(RECORDS FOR PROCESSING begins)

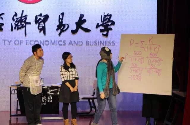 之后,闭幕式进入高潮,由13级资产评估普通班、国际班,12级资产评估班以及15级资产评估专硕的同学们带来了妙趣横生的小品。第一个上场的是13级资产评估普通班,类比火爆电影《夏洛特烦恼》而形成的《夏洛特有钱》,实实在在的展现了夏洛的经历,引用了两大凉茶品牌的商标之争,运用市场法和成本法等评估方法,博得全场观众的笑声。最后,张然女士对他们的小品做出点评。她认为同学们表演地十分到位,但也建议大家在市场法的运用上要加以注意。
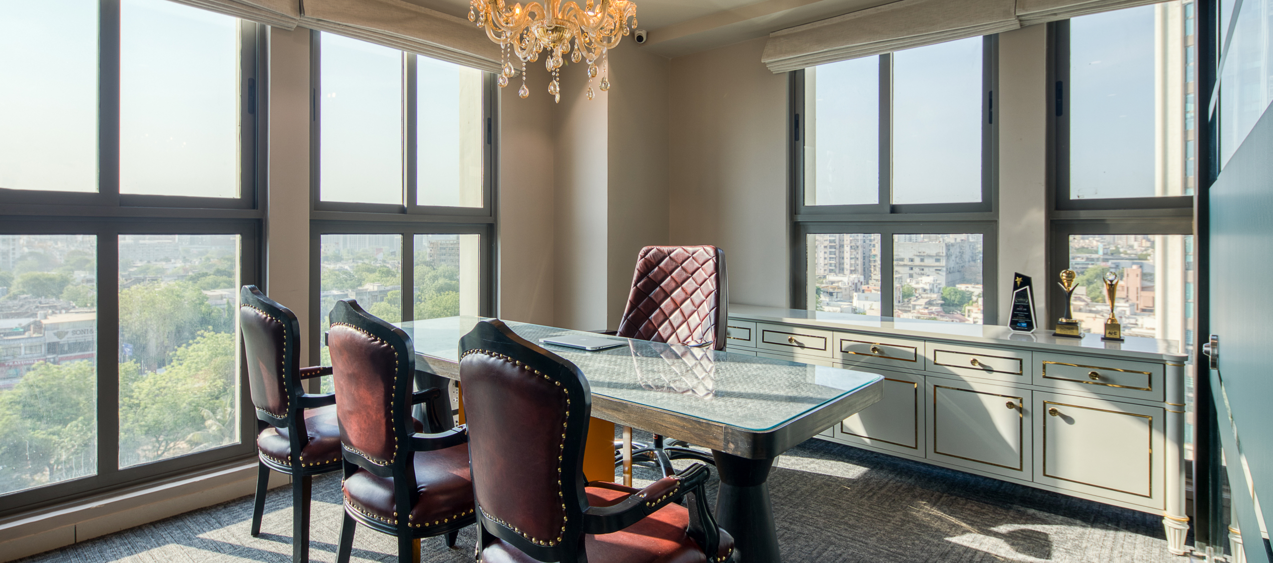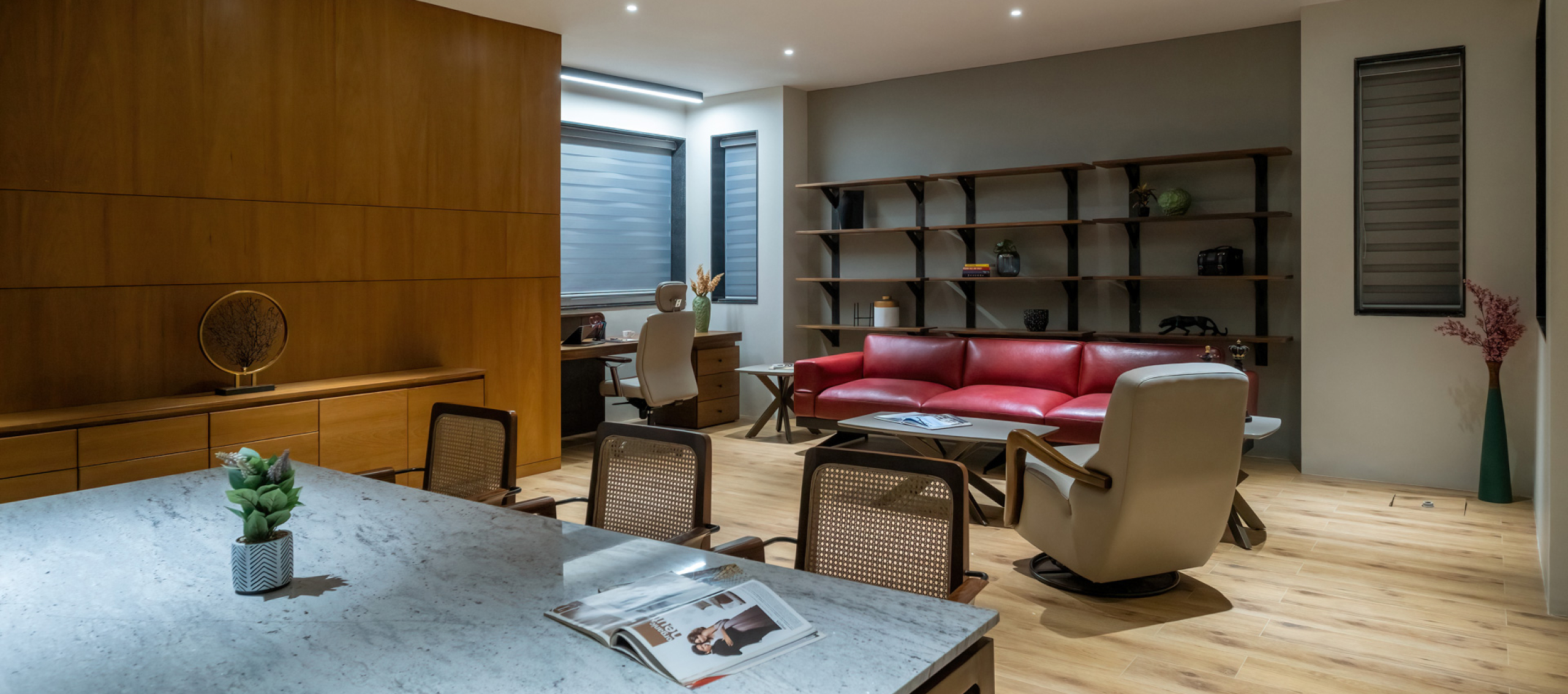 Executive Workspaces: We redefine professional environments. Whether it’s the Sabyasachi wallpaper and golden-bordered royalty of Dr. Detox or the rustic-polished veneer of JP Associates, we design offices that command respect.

(RECORDS FOR PROCESSING ends)
(RECORDS FOR PROCESSING begins)

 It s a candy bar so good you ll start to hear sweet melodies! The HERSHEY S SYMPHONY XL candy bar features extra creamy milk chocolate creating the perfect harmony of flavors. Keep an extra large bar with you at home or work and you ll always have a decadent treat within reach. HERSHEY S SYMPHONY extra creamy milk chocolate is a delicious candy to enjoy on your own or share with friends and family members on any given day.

(RECORDS FOR PROCESSING ends)
(RECORDS FOR PROCESSING begins)

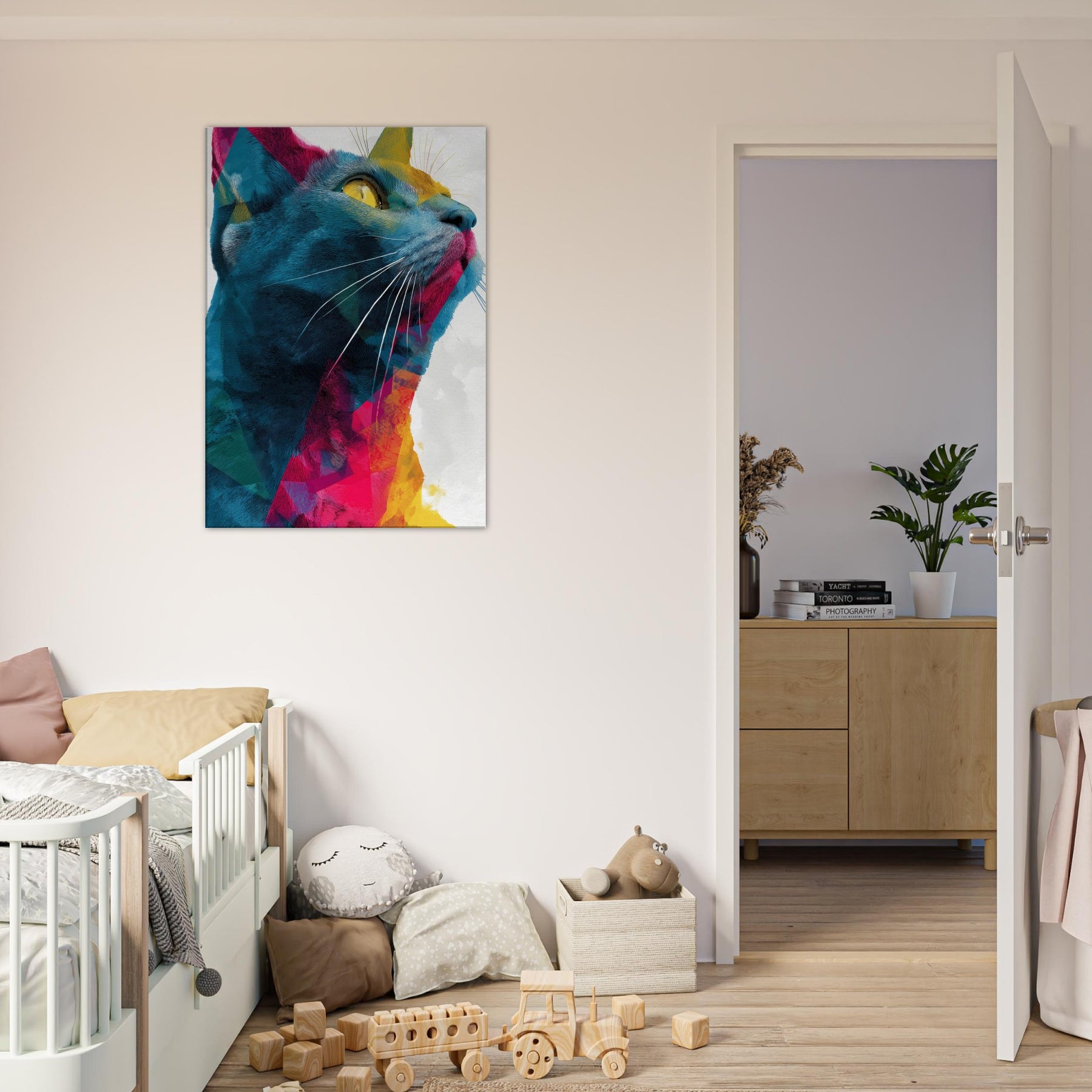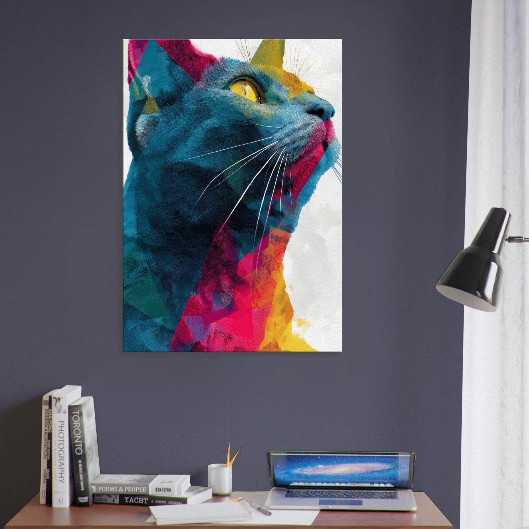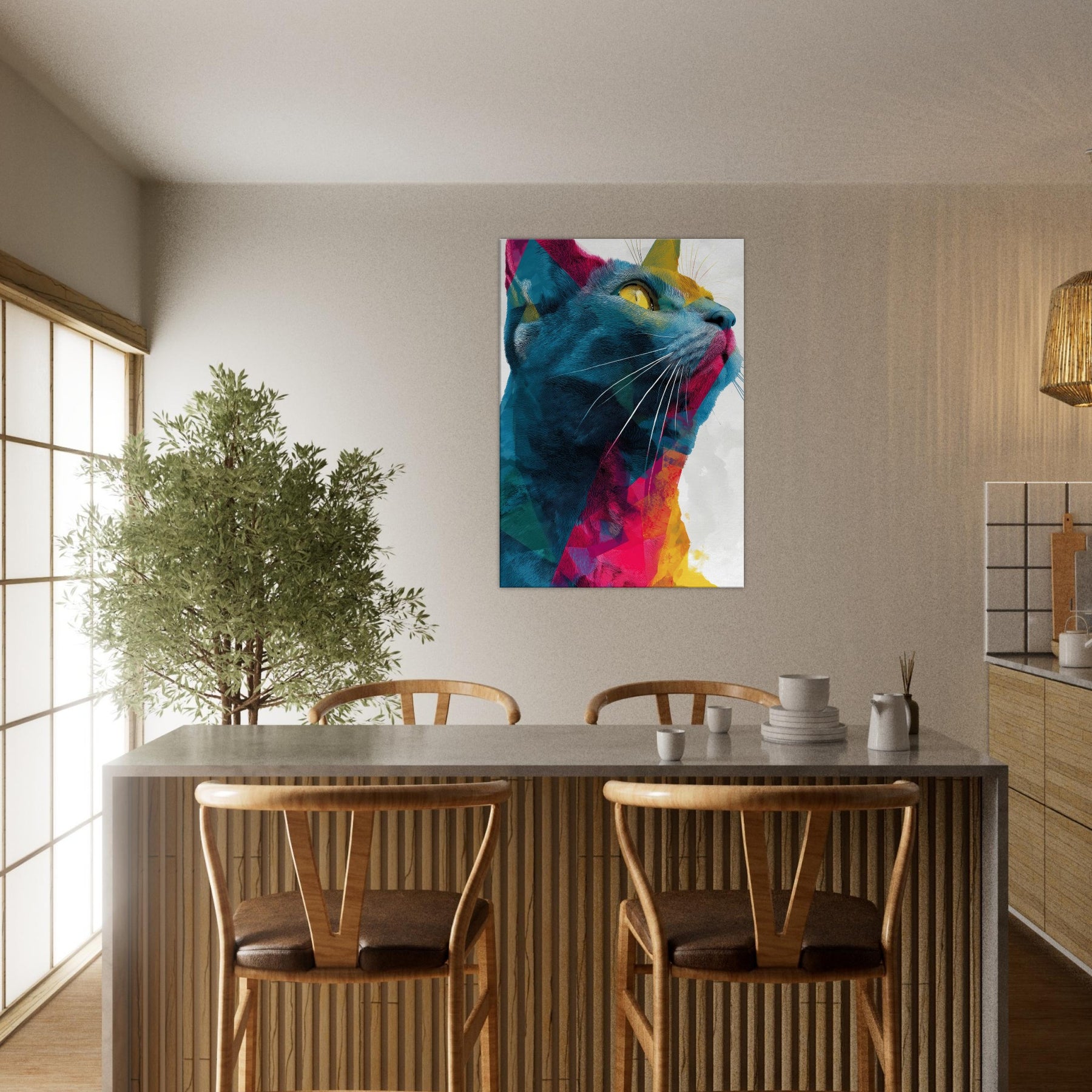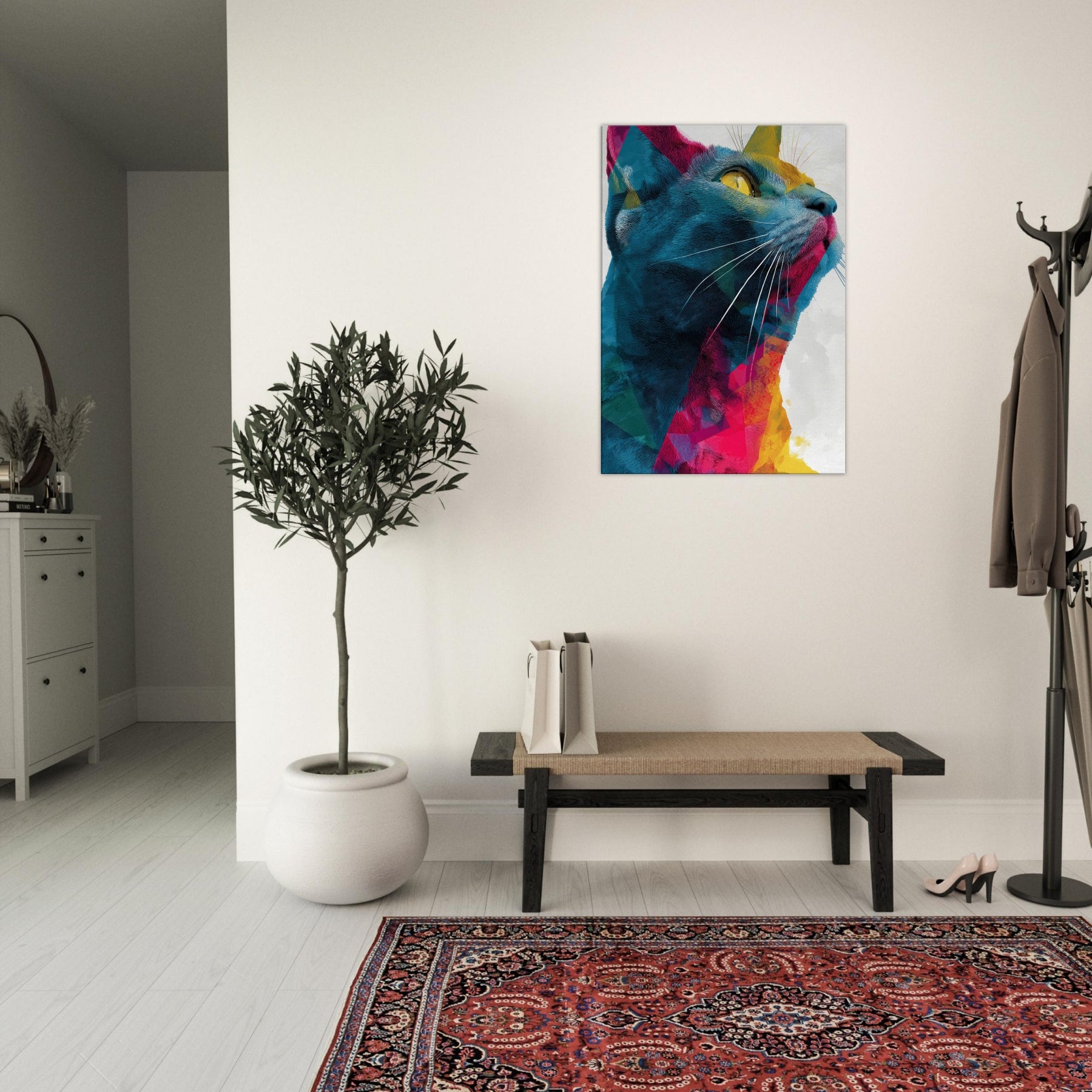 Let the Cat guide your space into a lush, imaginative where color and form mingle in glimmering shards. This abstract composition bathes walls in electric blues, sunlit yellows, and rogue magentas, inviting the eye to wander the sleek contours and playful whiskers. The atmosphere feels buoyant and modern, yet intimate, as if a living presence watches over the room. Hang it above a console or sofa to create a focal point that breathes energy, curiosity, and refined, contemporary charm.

(RECORDS FOR PROCESSING ends)

WHAT IS BEING ASKED:
Extract, without any images, the part of the material above that opens with the line containing "之后,闭幕式进入高潮,由13" and closes with the line containing "Executive Workspaces: We", both lines included.

RESPONSE:
 之后,闭幕式进入高潮,由13级资产评估普通班、国际班,12级资产评估班以及15级资产评估专硕的同学们带来了妙趣横生的小品。第一个上场的是13级资产评估普通班,类比火爆电影《夏洛特烦恼》而形成的《夏洛特有钱》,实实在在的展现了夏洛的经历,引用了两大凉茶品牌的商标之争,运用市场法和成本法等评估方法,博得全场观众的笑声。最后,张然女士对他们的小品做出点评。她认为同学们表演地十分到位,但也建议大家在市场法的运用上要加以注意。
 Executive Workspaces: We redefine professional environments. Whether it’s the Sabyasachi wallpaper and golden-bordered royalty of Dr. Detox or the rustic-polished veneer of JP Associates, we design offices that command respect.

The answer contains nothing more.